### RECORDS TO USE
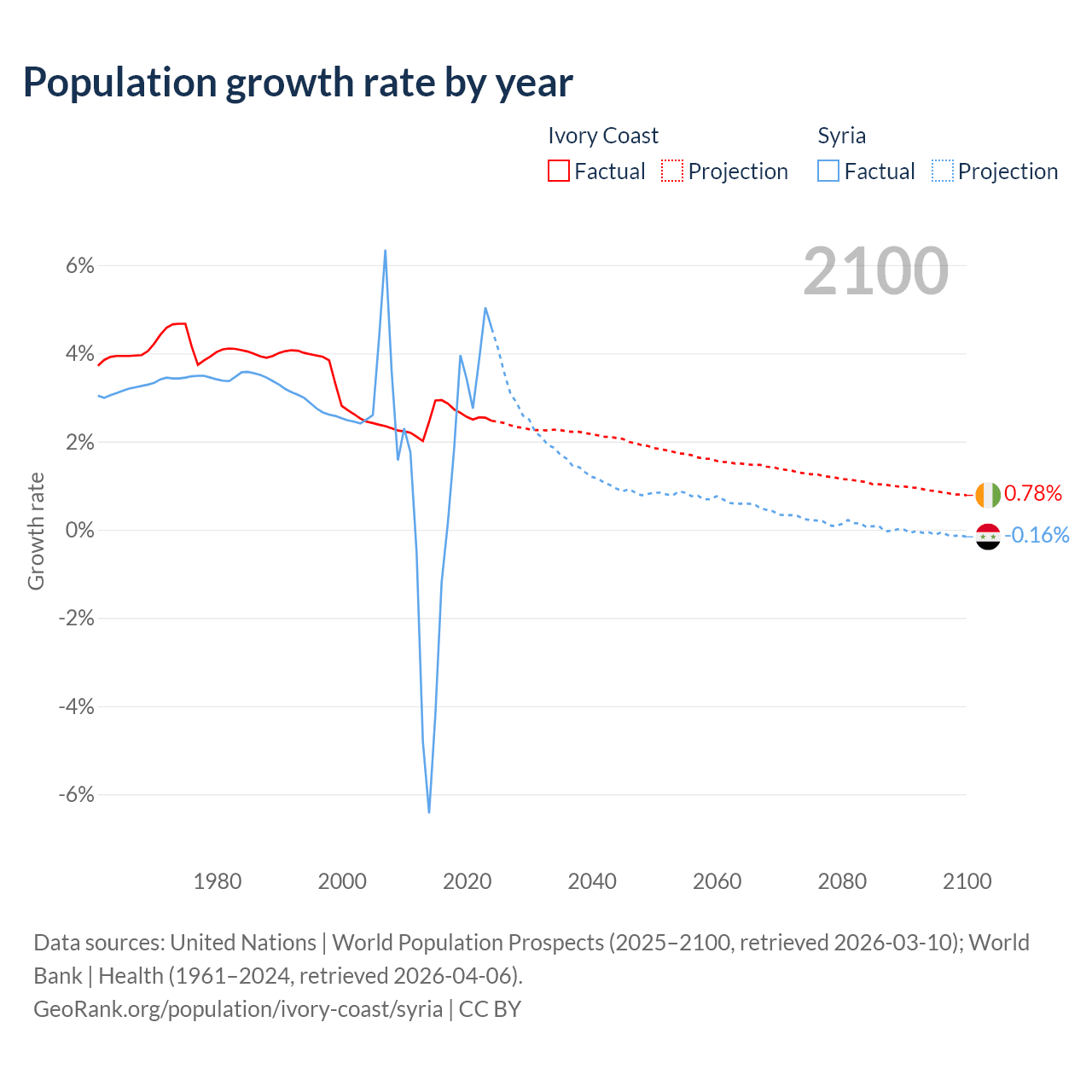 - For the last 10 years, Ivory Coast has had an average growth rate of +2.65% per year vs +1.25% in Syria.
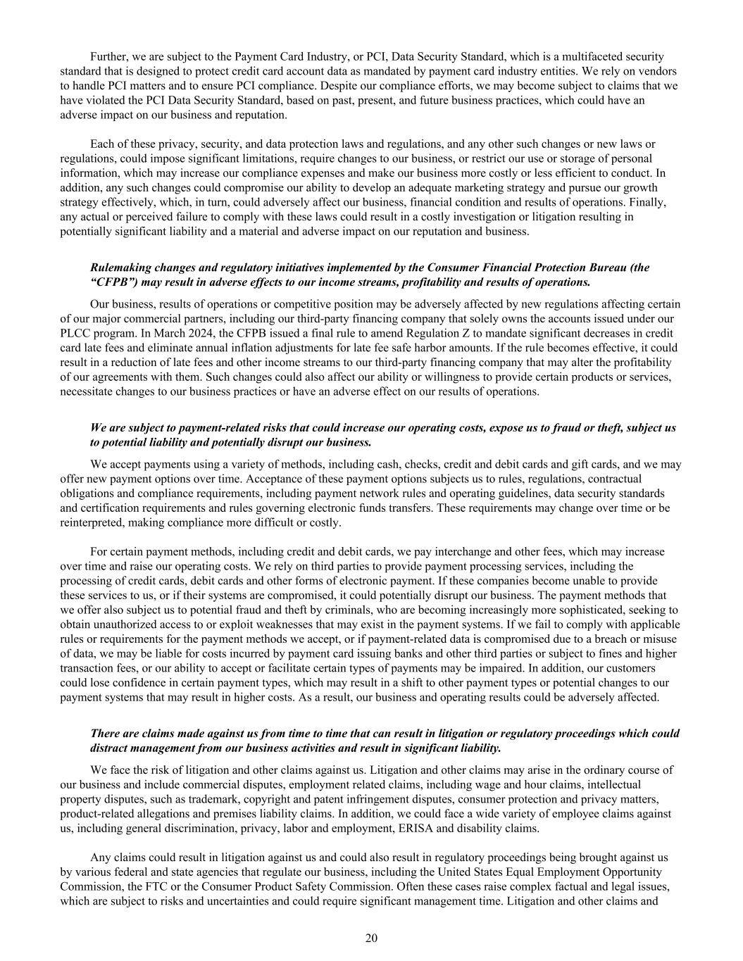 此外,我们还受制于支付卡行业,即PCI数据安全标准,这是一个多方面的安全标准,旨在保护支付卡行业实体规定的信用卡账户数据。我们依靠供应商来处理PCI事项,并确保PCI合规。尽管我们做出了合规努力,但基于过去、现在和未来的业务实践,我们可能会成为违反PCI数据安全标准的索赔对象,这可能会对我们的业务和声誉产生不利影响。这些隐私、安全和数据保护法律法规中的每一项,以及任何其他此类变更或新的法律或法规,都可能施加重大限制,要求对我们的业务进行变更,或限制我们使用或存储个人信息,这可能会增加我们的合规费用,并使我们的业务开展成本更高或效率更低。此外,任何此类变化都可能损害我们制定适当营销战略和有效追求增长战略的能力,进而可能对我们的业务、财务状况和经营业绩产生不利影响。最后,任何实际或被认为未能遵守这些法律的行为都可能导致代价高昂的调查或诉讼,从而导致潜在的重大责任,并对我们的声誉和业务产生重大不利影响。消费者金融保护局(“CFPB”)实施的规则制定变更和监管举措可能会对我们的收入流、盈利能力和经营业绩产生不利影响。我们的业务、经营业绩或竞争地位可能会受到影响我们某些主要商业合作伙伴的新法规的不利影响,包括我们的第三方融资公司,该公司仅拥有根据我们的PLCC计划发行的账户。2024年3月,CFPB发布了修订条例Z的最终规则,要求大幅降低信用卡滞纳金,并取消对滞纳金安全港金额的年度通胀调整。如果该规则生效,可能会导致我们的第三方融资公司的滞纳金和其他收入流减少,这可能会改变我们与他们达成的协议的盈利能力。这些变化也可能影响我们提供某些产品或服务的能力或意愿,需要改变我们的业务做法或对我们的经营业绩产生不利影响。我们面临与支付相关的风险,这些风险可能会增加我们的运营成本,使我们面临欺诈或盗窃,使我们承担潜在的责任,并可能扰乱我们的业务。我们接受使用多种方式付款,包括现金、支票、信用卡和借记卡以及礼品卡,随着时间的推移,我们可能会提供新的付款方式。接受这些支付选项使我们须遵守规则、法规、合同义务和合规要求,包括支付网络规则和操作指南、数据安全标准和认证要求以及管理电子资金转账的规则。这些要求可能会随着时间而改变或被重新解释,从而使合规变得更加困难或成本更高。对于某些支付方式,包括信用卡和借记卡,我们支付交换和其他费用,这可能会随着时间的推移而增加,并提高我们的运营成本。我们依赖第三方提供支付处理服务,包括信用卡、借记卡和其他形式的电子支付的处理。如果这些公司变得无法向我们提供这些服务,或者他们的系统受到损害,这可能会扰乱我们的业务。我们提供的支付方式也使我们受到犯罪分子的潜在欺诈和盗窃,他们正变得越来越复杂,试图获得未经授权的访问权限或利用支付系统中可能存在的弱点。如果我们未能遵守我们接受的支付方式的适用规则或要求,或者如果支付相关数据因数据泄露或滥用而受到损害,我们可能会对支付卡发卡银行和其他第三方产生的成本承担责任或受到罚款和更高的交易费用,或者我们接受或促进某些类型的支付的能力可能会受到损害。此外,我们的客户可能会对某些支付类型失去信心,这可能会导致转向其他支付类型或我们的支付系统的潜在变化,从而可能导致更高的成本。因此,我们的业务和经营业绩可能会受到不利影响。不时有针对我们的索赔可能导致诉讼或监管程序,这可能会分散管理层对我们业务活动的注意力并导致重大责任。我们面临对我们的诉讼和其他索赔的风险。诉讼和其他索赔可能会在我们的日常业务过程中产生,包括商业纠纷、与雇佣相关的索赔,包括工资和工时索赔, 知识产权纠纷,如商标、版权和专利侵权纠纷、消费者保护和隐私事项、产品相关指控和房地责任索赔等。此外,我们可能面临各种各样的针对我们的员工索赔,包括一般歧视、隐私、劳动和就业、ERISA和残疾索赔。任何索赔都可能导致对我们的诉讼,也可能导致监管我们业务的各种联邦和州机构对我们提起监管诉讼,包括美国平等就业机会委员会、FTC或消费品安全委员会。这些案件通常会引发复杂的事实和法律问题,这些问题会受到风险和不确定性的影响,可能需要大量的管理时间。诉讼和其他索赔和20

--

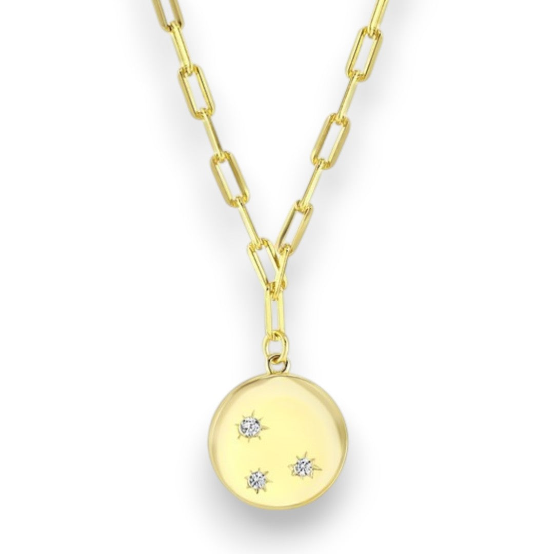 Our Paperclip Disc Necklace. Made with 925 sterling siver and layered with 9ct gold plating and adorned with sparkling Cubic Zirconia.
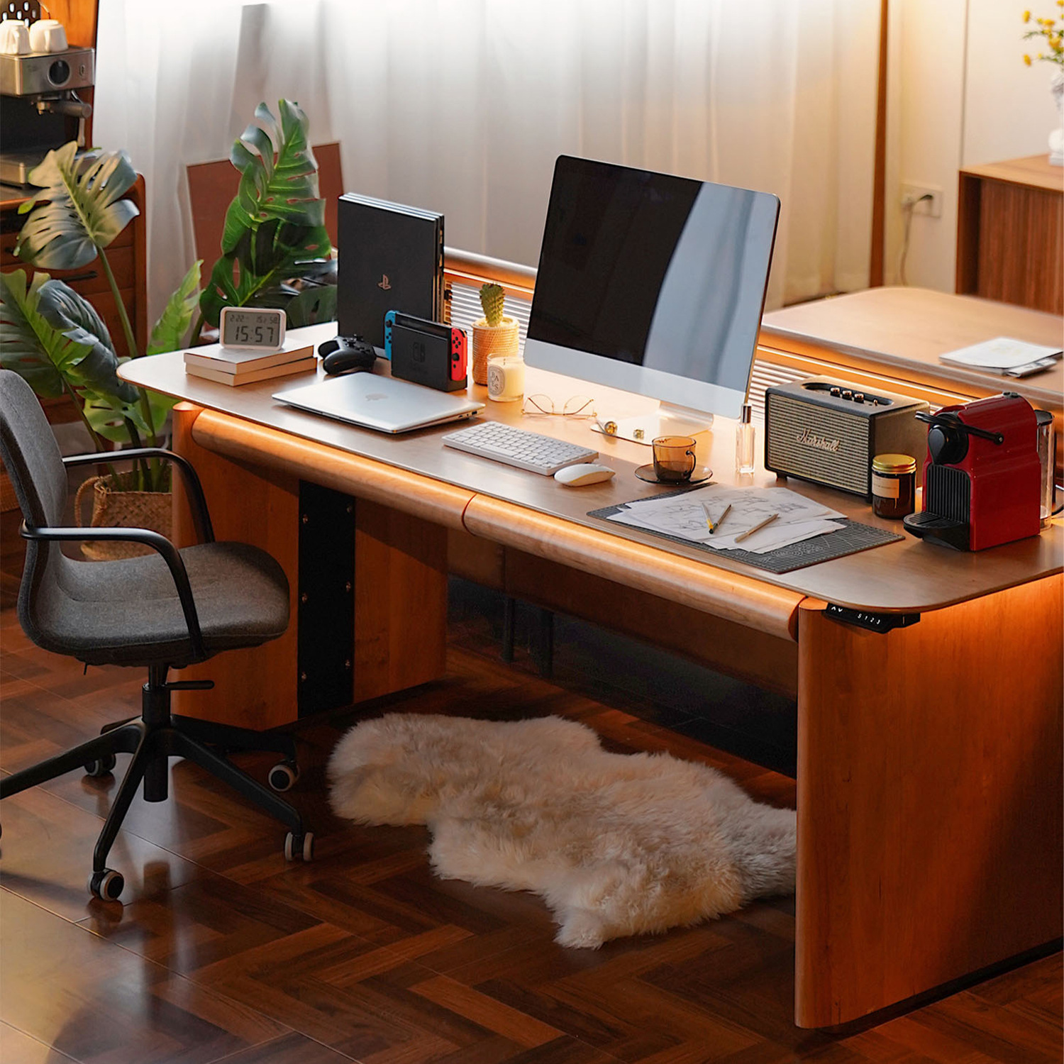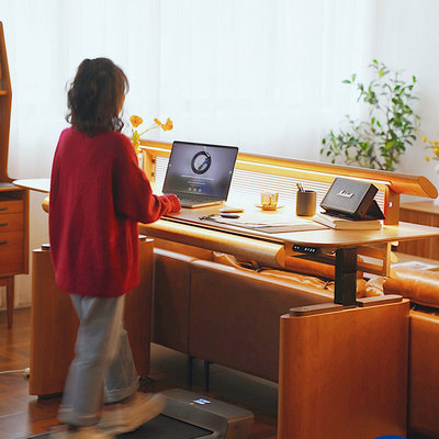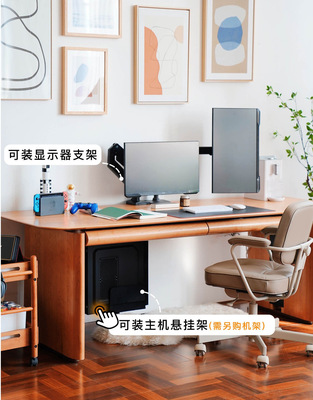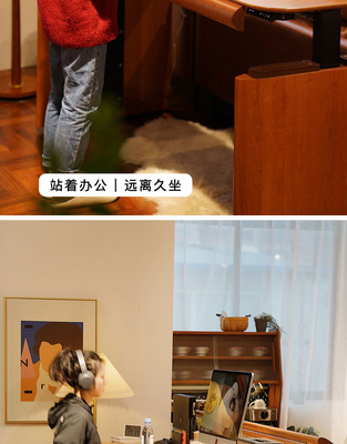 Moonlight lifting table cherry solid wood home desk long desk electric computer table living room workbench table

### TASK GOAL
When copying from the data above, print only the lines from the line containing "Our Paperclip Disc" to the line containing "Moonlight lifting table", exactly, and leave the pictures out.

### RESPONSE TO THE TASK
 Our Paperclip Disc Necklace. Made with 925 sterling siver and layered with 9ct gold plating and adorned with sparkling Cubic Zirconia.
 Moonlight lifting table cherry solid wood home desk long desk electric computer table living room workbench table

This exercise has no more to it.